Requirement: These records contain pictures, which must be left out; copy exactly the lines from the one with "FRCOLOR Male Human" up to and including the one with "Numa visita ao".

Source data:

"""

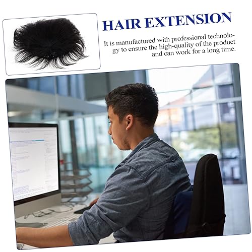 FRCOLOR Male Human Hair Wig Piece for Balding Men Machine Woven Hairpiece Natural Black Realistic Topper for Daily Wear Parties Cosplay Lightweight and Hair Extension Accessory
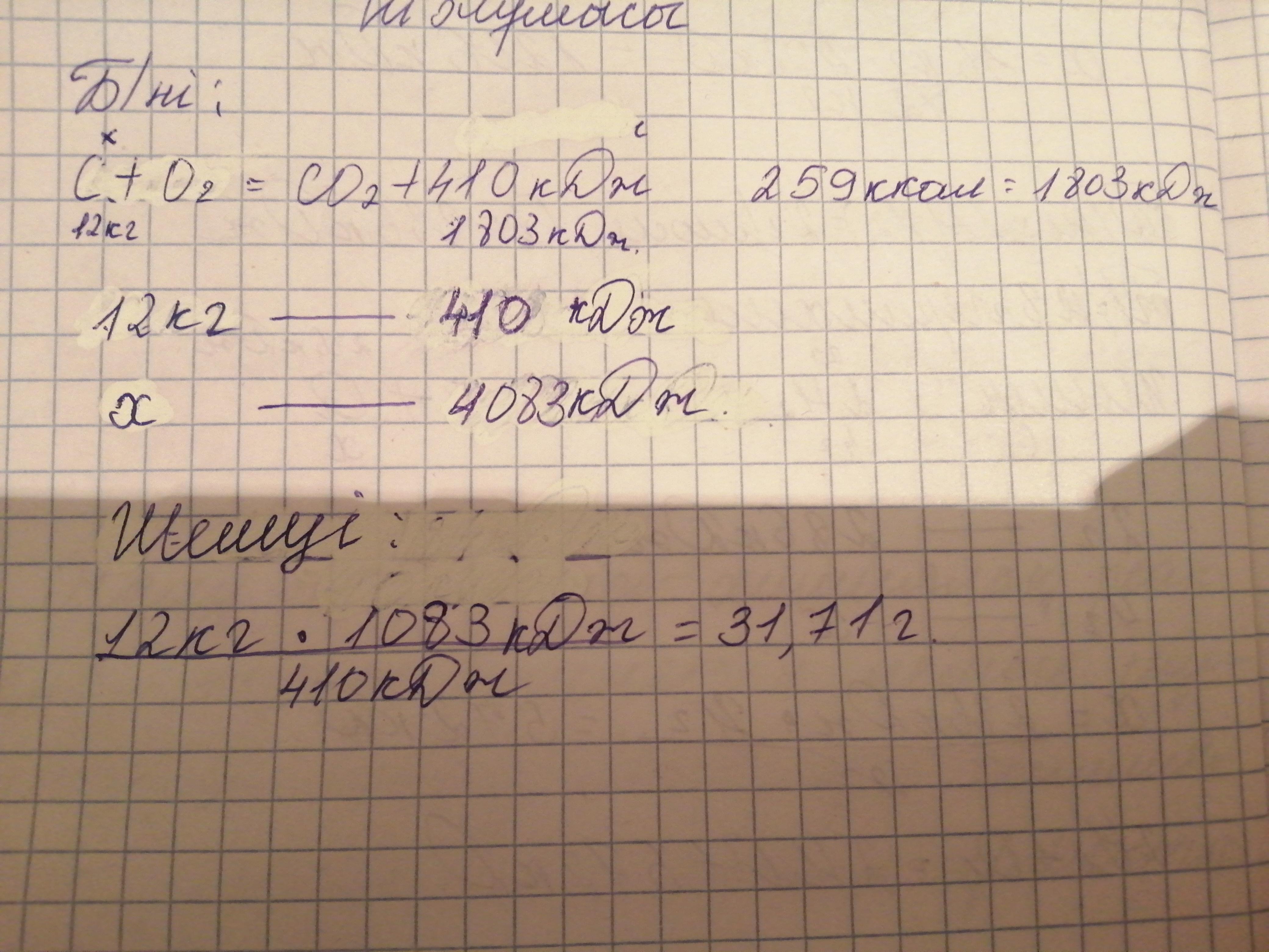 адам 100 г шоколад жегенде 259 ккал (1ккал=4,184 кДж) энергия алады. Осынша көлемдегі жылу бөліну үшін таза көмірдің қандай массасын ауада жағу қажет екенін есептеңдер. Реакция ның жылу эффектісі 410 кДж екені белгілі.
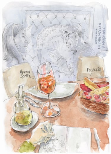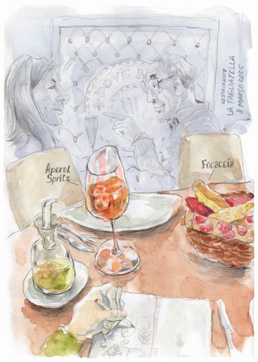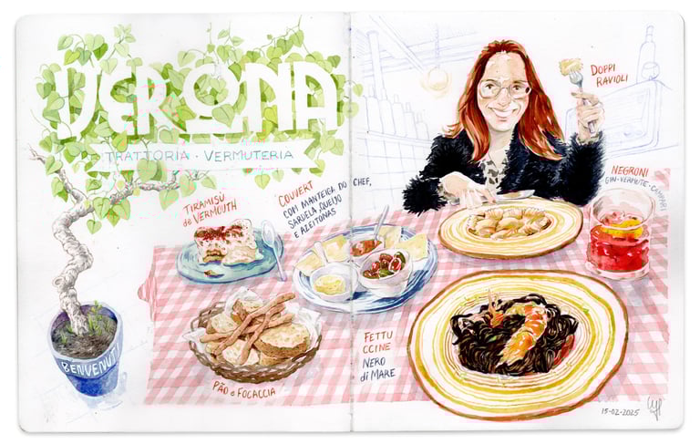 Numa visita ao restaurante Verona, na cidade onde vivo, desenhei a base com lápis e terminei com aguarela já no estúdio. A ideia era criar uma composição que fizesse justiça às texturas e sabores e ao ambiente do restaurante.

"""
"""

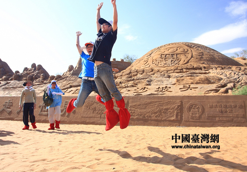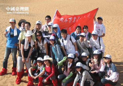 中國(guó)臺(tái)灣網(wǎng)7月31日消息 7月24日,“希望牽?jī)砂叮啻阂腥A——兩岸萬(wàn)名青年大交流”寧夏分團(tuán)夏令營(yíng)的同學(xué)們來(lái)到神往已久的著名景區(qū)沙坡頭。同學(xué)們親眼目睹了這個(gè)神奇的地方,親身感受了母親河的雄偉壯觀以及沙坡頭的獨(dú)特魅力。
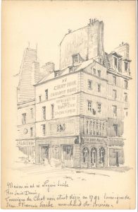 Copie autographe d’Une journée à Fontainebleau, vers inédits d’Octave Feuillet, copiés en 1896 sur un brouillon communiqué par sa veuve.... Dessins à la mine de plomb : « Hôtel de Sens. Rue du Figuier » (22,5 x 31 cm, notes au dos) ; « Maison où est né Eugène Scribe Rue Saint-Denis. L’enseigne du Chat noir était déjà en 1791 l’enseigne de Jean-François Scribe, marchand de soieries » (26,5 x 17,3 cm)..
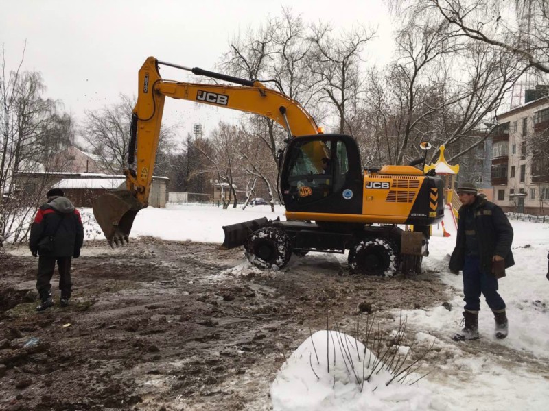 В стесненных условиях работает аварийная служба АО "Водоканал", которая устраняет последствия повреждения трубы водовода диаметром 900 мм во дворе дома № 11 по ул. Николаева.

"""

Answer to this exercise:
 FRCOLOR Male Human Hair Wig Piece for Balding Men Machine Woven Hairpiece Natural Black Realistic Topper for Daily Wear Parties Cosplay Lightweight and Hair Extension Accessory
 адам 100 г шоколад жегенде 259 ккал (1ккал=4,184 кДж) энергия алады. Осынша көлемдегі жылу бөліну үшін таза көмірдің қандай массасын ауада жағу қажет екенін есептеңдер. Реакция ның жылу эффектісі 410 кДж екені белгілі.
 Numa visita ao restaurante Verona, na cidade onde vivo, desenhei a base com lápis e terminei com aguarela já no estúdio. A ideia era criar uma composição que fizesse justiça às texturas e sabores e ao ambiente do restaurante.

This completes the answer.